Among the Fairbank family papers, two Imperial Oil receipts to J.H. Fairbank have surfaced. One is dated Aug. 12, 1880 – less than four months after the Imperial Oil first formed and four weeks before Imperial Oil incorporated on Sept. 8, 1880. The second receipt is dated Dec. 31, 1880 and shows the new incorporated name for Imperial Oil Company Ltd.
No other oil producer comes close to supplying Imperial Oil steadily for nearly 140 years.
In 1880, Imperial Oil’s refinery was in London but the country’s largest refinery was Jacob Englehart’s Silver Star Refinery in Petrolia. It sprawled over 50 acres. In 1883, the London refinery burned and Imperial Oil took over Silver Star. Imperial Oil also moved its barrel plant to Petrolia that year and in 1884 it moved its headquarters to Petrolia.

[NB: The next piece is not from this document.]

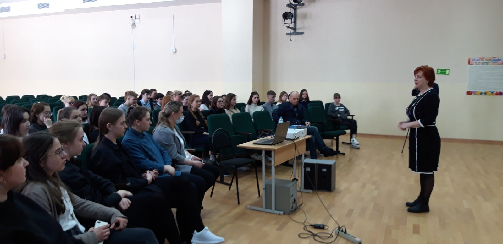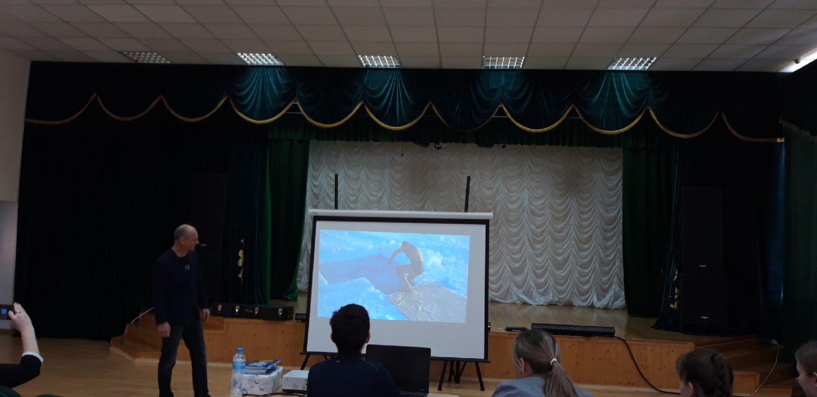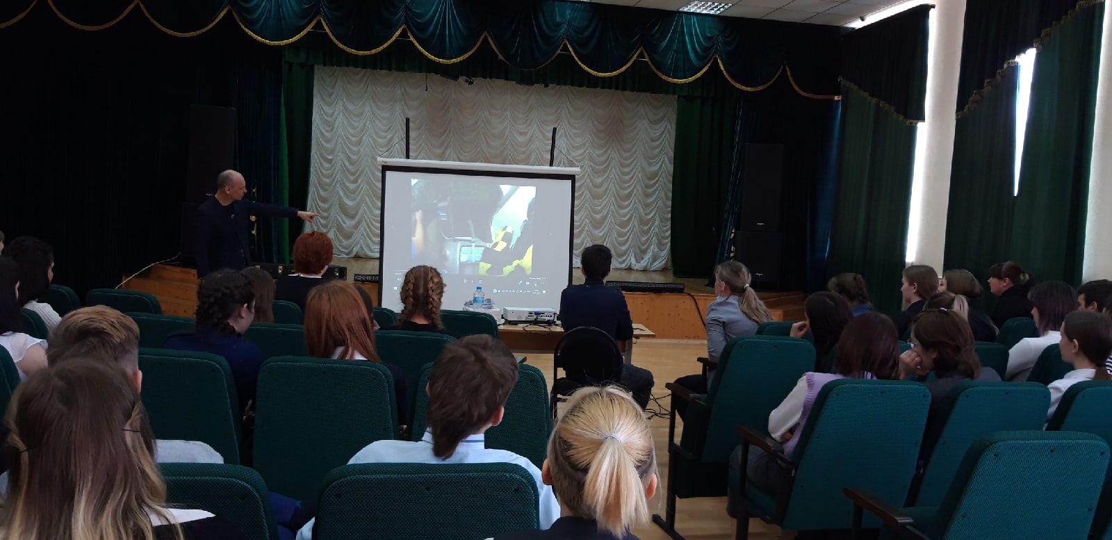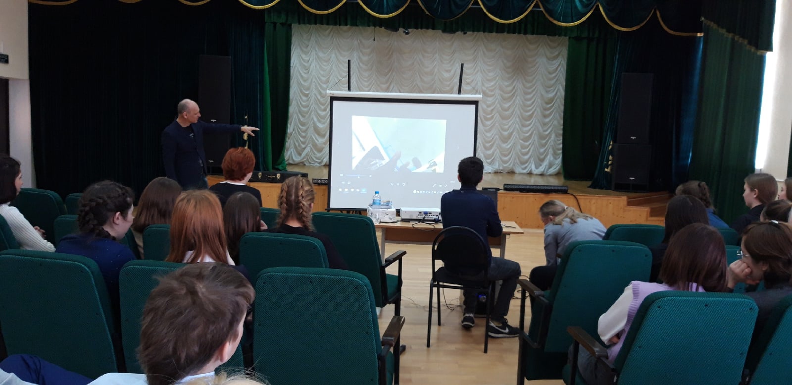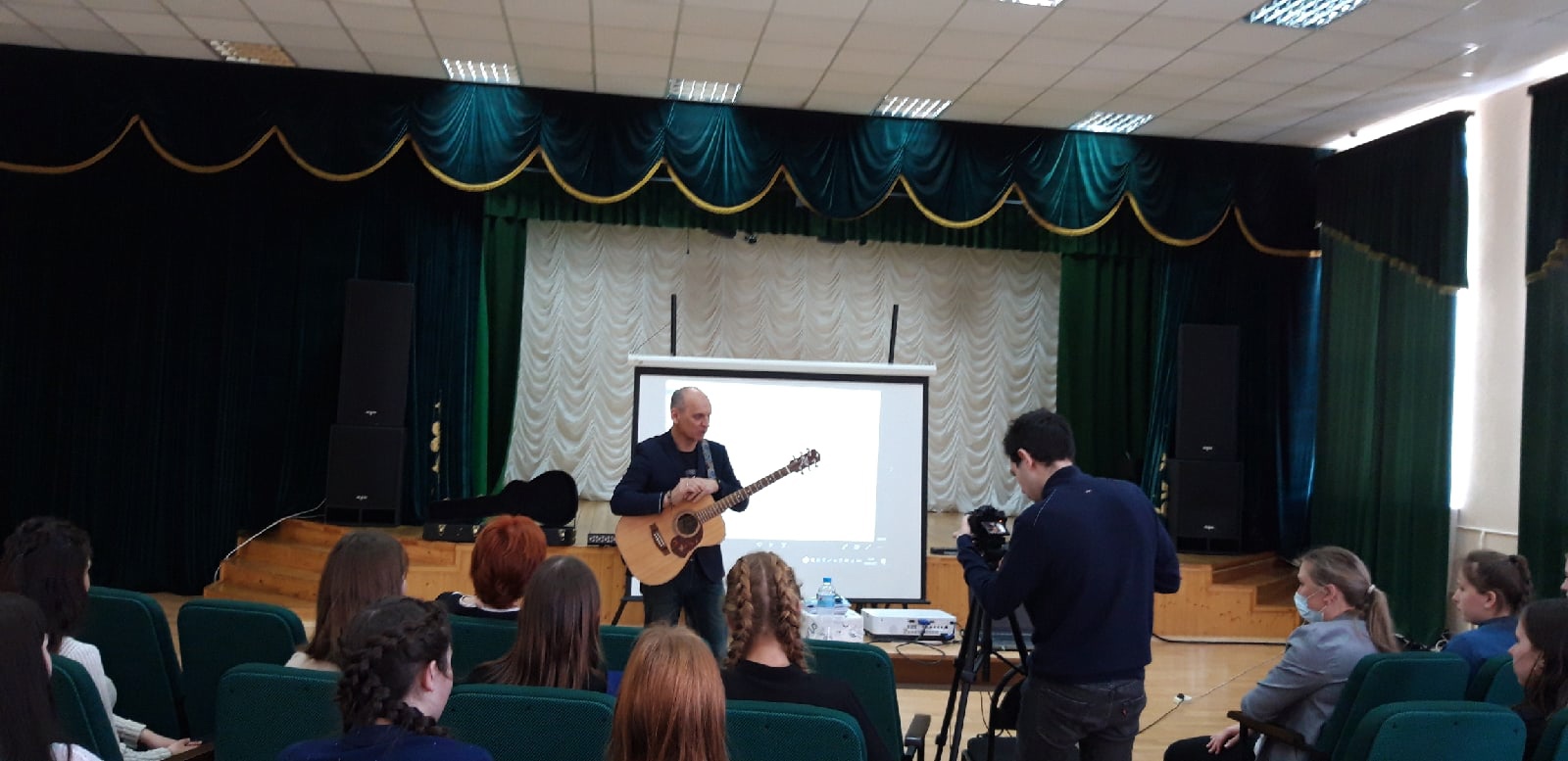 Затем выступил следующий гость - летчик-инструктор, парашютист, певец, композитор, поэт, Александр Борисович Лынник. Он рассказал ребятам о своей насыщенной жизни, как он научился прыгать с парашютом, управлять самолетом, как он покорил гору Эльбрус и многое другое. Познакомил слушателей с одним днем из жизни космонавта Михаила Борисовича Корнеенко, также спел свои авторские песни под гитару. Ребята слушали гостей с огромным интересом и вниманием, задавали вопросы, пели хором песни.
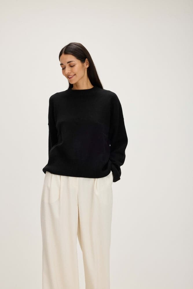 Slätstickad tröja med boxigt snitt. Vid passform med lång ärm och förlängd axel. Rund halsringning. Resårstickning vid mudd samt nertill.

By 1897, Imperial Oil struck a deal with the American Standard Oil. Standard Oil would finance expansion in Canada and Imperial would hand over the majority of its interests. On Feb. 23, 1898, the final blow to Petrolia was struck. Imperial Oil took possession of the Bushnell Companies refinery in Sarnia and moved all its operations there, including its head office.
Imperial Oil then adopted the name Esso, which comes from the two first letters of Standard Oil. Fairbank Oil has been transporting its oil to the Esso refinery in Sarnia ever since.